I had a close acquaintance with Harrison Ainsworth among novelistic editors; he tried to obtain for me the separate publication of “Valdarno,” and, failing, wrote me his confident belief that it must be resuscitated one day.

Ainsworth was a manly and handsome-looking person. His romances gave great pleasure to the readers of his time, which showed how willing people are to live others’ lives without the penalties, though they would very firmly decline living their own over again, without the experience they had too late acquired.

I suppose, in reading every novel, one tastes of all the vices and virtues that have ever been indulged in. One likes to be great and generous vicariously; one even enjoys the sufferings of the wicked at second hand, and to commit even murder on the like terms.
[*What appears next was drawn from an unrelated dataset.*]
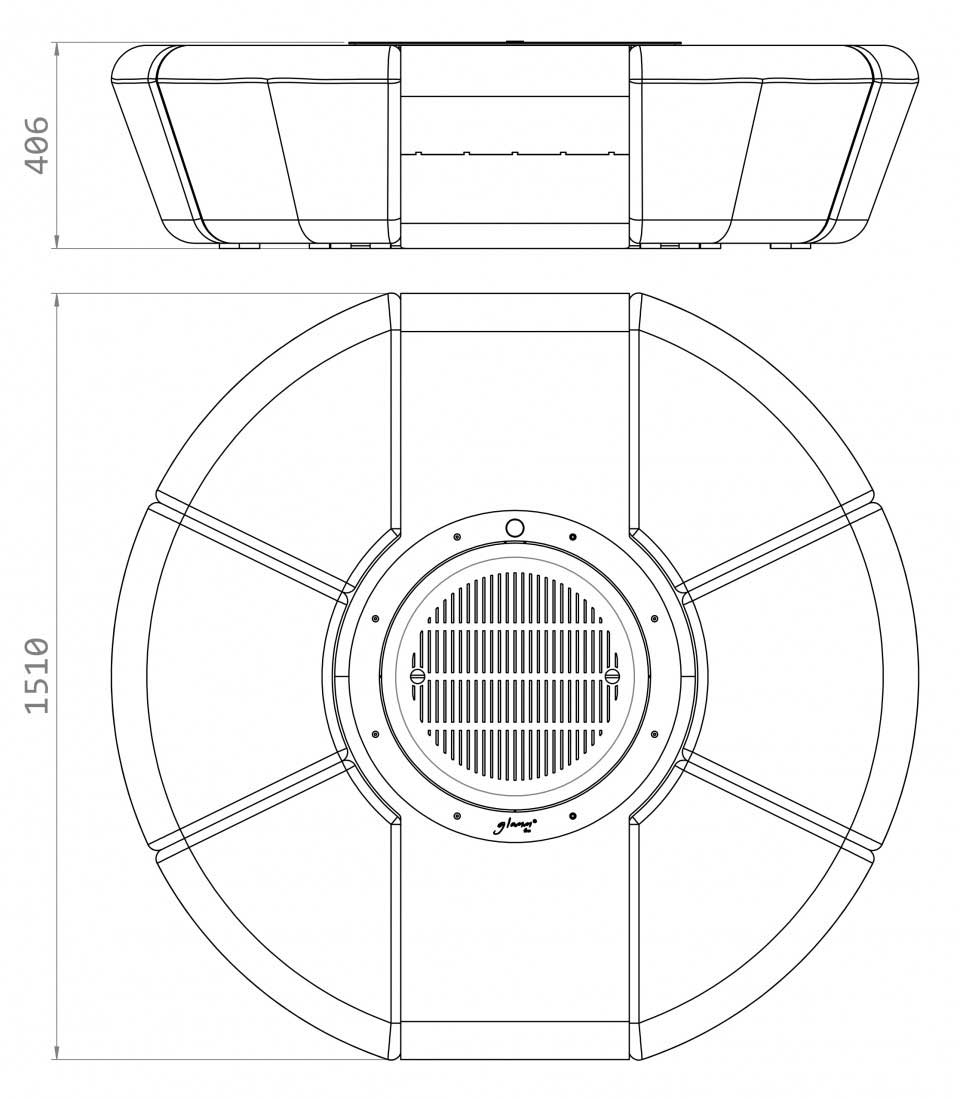 Note: Glammfire fire pits are shown with different burners because they are available for burning wood, bioethanol (manual and automatic), and gas. Therefore, the images shown may not accurately reflect the combustion chamber.

We have all the character, in substrata, not only of the savage, but of the wild beast, of the vulture, of the shark, of the boa constrictor, of the clawed crab, of the animalcule itself. Some feel this, some are wholly unconscious of it until it is accidentally roused, some possess it only in a state of inanimate suppression.

A novel founded on vulture life would have a great run. It should dwell on the domestic virtues of the bird, and show how it held an appointment under Providence to follow in the wake of armies.

One of the finest novels I have read of late years is that of Mr. Eden, entitled “George Donnington,” a work replete with experiences, sympathetic in character, in purpose wise; less a fiction than a narrative of true Russian life, and written with as firm a hand as was ever trained for literary success.

Though I could wish to have done with the “strange eventful history” of a life, thus lived over again, I must not rush on too fast, but must revert to “Parables and Tales.”

The publisher of “Madeline” asked me to add four more poems to “Old Souls,” and the three others of the same metre, for an illustrated work; accordingly, I gave him “Mother and Child,” “The Blind Boy,” “The Cripple,” and “Old Morality.”

One morning at Cheyne Walk I read “The Cripple” to Rossetti and Hüffer, and saw them both in tears.